In my home lab I just setup tailscale and used Duckdns with nginx so if I connect to tailscale then I just use Duckdns api to switch ip
Wish tailscale would allow me to access my dell server's idrac. I get a connection refused error if I use tailscale
Thank you so much for making this. I love the Self-Hosted podcast and you are just proving here how Tailscale is such a great sponser to have!
question : how's your computer dns is configured to use tailscale dns, normaly all computers are configured to use public dns like google cloudflare …etc, but in your case i don't understand the way your computer request dns from tailsclae you need to show use the dns configuration for client computers side ???
In the video your internal services were using HTTPS. Do you have any information on how you set this up without exposing ports to the internet? You mentioned you are using Caddy. Are you using self signed certificates with a local CA? I've used SWAG from linux server previously, but want to move away from having an exposed ports. Thanks for the great video!
Well done; thank you for the info.
needless to say its the best so far.
Great video! Any reason you can't just use opnsense as the DNS server (using host overrides) and achieve similar results?
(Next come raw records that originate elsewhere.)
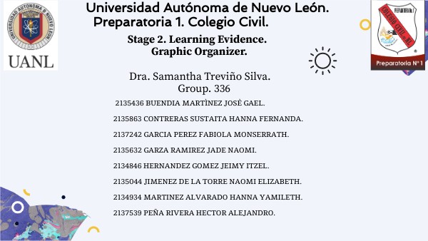 2135436 BUENDIA MARTÌNEZ JOSÈ GAEL. 2135863 CONTRERAS SUSTAITA HANNA FERNANDA. 2137242 GARCIA PEREZ FABIOLA MONSERRATH. 2135632 GARZA RAMIREZ JADE NAOMI. 2134846 HERNANDEZ GOMEZ JEIMY ITZEL. 2135044 JIMENEZ DE LA TORRE NAOMI ELIZABETH. 2134934 MARTINEZ ALVARADO HANNA YAMILETH. 2137539 PEÑA RIVERA HECTOR ALEJANDRO.
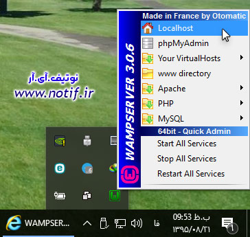 در آخر ومپ سرور با موفقیت نصب شده است. اگر آن را اجرا کنید آیکون آن در کنار ساعت در قسمت اعلانات ویندوز نمایش داده می شود. و می توانید از آن استفاه کنید. برای کار با ومپ سرور می توانید بر روی آیکون آن در نوار وظیفه در کنار ساعت چپ کلیک کرده و از منوی نمایش داده شده گزینه مورد نظر خود را انتخاب کنید.
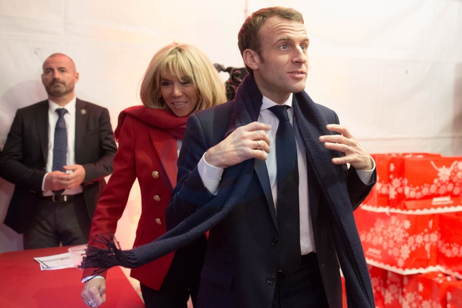 Macronowie na spotkaniu swiatecznym z dziecmi
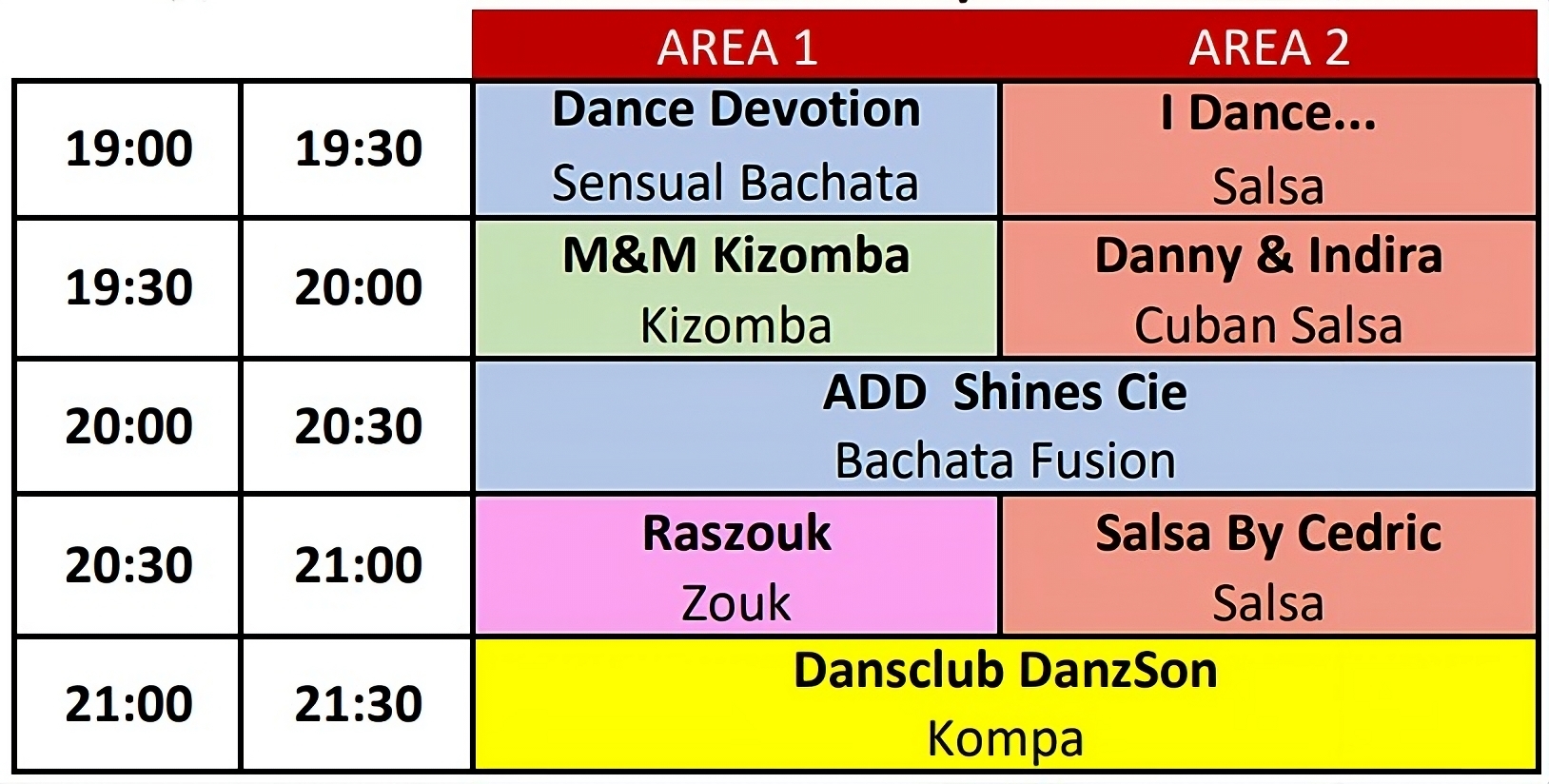 Celebrate Suriname’s vibrant dance scene with 30-minute workshops hosted by local dance schools in two simultaneous areas, covering Salsa, Bachata, Kizomba, and Zouk. Afterward, each school presents a show or demo, followed by the grand introduction of all international performers and teachers. The night ends with a rooftop party featuring two music zones: inside with Salsa & Bachata by DJs Willy and Jarzino (Netherlands), and outside with Soca, Dancehall, Kompa, Kizomba, Merengue, and Zouk by DJ Joel (Suriname) and DJ Fluffman (Trinidad). Dress Code: Casual.

Great overview, very clear and informative. Tailscale has been a gateway for a new interest in networking and self-hosting, and I think this video has sold me on running more infrastructure at home
great video but plz plz hide the flashy switch in the background, sooo distracting
Hi,
Do you have and idea of it is possible to join two networks together? Like my parents and my network have like one DHCP server ideally over tailscale?